What this task involves. What are the lines below, starting at the line containing "SHS cho hay." and ending at the line containing "Την πρόθεσή του"? Write them out exactly, ends included, without pictures.

Data for this task.
'''

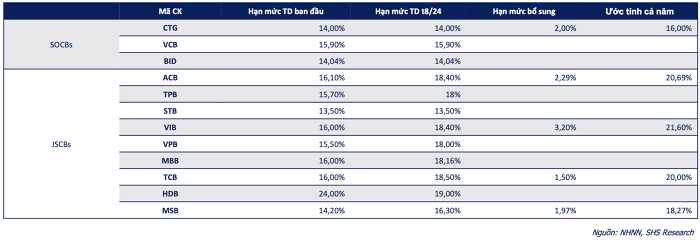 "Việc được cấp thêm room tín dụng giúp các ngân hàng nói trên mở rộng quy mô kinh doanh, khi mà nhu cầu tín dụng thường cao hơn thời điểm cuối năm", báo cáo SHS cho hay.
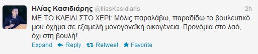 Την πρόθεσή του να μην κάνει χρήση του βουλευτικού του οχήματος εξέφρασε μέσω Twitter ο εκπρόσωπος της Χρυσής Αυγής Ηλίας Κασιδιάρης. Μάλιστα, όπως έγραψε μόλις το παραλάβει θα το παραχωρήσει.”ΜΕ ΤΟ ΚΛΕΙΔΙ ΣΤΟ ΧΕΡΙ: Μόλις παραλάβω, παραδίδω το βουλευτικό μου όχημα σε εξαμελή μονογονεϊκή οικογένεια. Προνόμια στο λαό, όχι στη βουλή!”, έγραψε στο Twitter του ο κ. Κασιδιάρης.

'''
'''

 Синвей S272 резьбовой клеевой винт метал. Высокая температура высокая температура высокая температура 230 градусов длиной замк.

'''

Your solution.
 "Việc được cấp thêm room tín dụng giúp các ngân hàng nói trên mở rộng quy mô kinh doanh, khi mà nhu cầu tín dụng thường cao hơn thời điểm cuối năm", báo cáo SHS cho hay.
 Την πρόθεσή του να μην κάνει χρήση του βουλευτικού του οχήματος εξέφρασε μέσω Twitter ο εκπρόσωπος της Χρυσής Αυγής Ηλίας Κασιδιάρης. Μάλιστα, όπως έγραψε μόλις το παραλάβει θα το παραχωρήσει.”ΜΕ ΤΟ ΚΛΕΙΔΙ ΣΤΟ ΧΕΡΙ: Μόλις παραλάβω, παραδίδω το βουλευτικό μου όχημα σε εξαμελή μονογονεϊκή οικογένεια. Προνόμια στο λαό, όχι στη βουλή!”, έγραψε στο Twitter του ο κ. Κασιδιάρης.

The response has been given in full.